I tend to think of the mid-2000s as Peak Edge. After all, that’s the era that brought us Shadow the Hedgehog (the character), Shadow the Hedgehog (the game where a hedgehog shoots people with guns), and Bomberman: Act Zero. Remember when they tried to make an adult, hardcore Bomberman who says cusses? Shadow the Hedgehog remembers. He remembers everything, though there is so much he wishes he could forget… (CUE LINKIN PARK – IN THE END)

But there is truly nothing new under the sun. A decade earlier, edgy darkness was all the rage in the world of comic books thanks to the birth of Image by a disaffected group of artists who left the Big Two houses to start their own publishing company. One with drugs, and guns, and countless pouches, all presumably filled with drugs and/or guns! I tell ya, these Youngblood kids got more pouches than a Toluca Lake trout fisher’s vest, babe.

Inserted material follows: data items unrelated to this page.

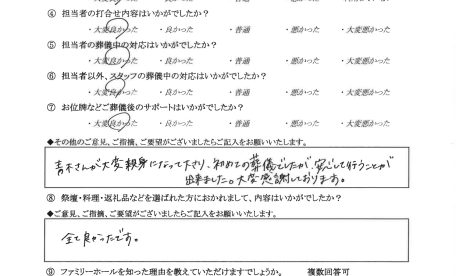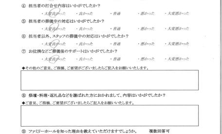 【お客様の声】初めての葬儀でしたが、安心して行うことが出来ました。
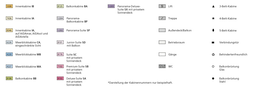 Kabinengröße 49 - 61 qm 16 - 25 qm Balkon bis zu 4 Personen Kategorie SB
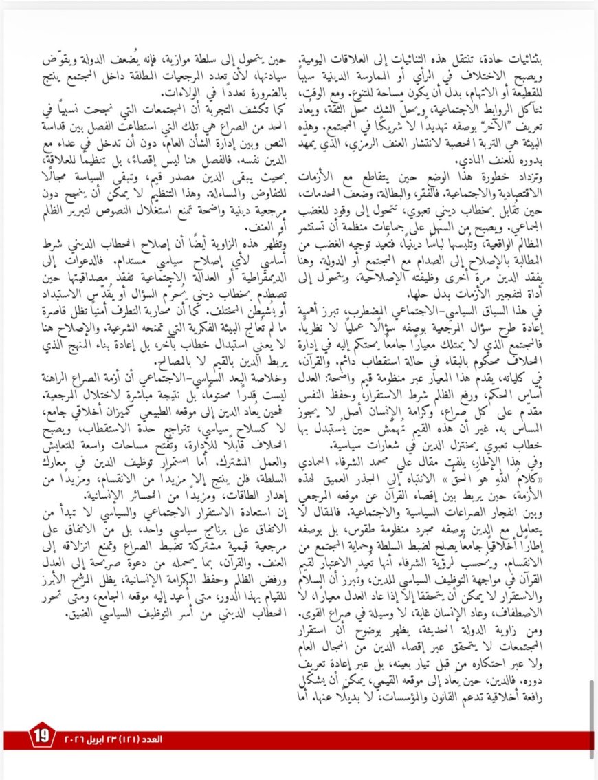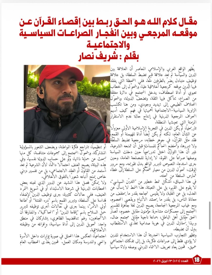 ويقدّم العدد في البعد السياسي والاجتماعي قراءةً بعنوان «مقال كلام الله هو الحق ربط بين إقصاء القرآن عن موقعه المرجعي وبين انفجار الصراعات السياسية والاجتماعية»، ترى أن الدين حين يفقد وظيفته باعتباره مرجعيةً أخلاقيةً ضابطةً للسلطة، ويتحوّل إلى أداة تعبئةٍ أو اصطفاف، يدخل المجتمع في دائرةٍ من الاستقطاب تُضعف الدولة وتفكك الروابط الاجتماعية. وتنتهي القراءة إلى أن استعادة القرآن مرجعًا قيميًا جامعًا يمكن أن تمثل مدخلًا لخفض التوتر، وإعادة تعريف العلاقة بين الدين والسياسة على أساس العدل وصون الكرامة الإنسانية.
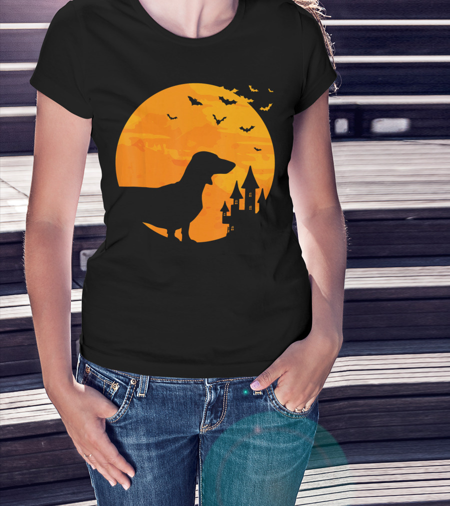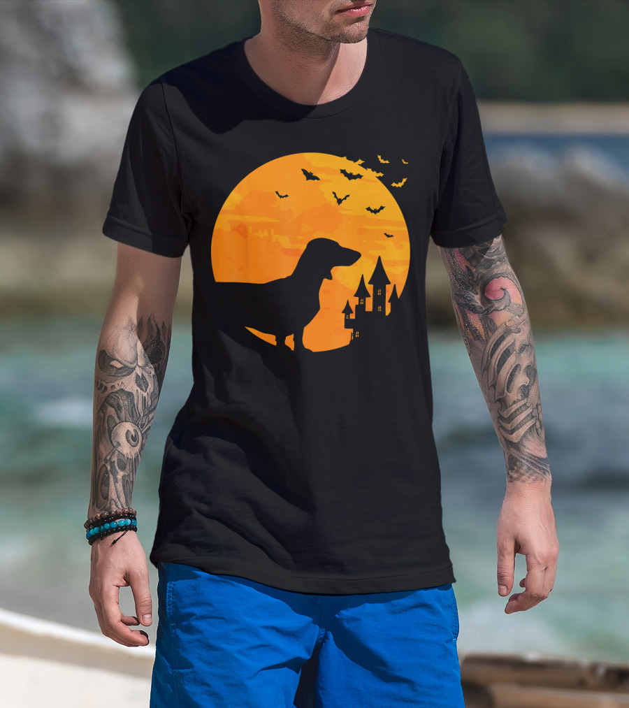 Dachshund Halloween Silhouette With Bats And Haunted Castle T-Shirt
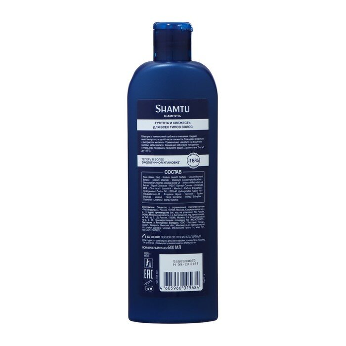 Купить Шампунь для волос мужской SHAMTU Густота и свежесть с экстрактом мелиссы, 500мл
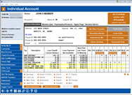 This screen, called the Phone Operator Account Processing screen, shows information on all of the member's active accounts. On this screen you can view basic information about all account types, as well as information about the membership itself, including joint owners and Household information.

Grunge was on the airwaves and every comic book character was a chain-smoking, chain-wearing antihero. Spawn was the hottest thing since BoKu. Everybody loved him! It was like Everybody Loves Raymond, except with slightly more nudity and disembowelment. And thus, like a disgruntled protagonist’s cigarette burning through a newspaper headlined “World Doomed, Ineffectual Dogfucker Congressman Says,” the edgy darkness birthed by Image spread across the industry.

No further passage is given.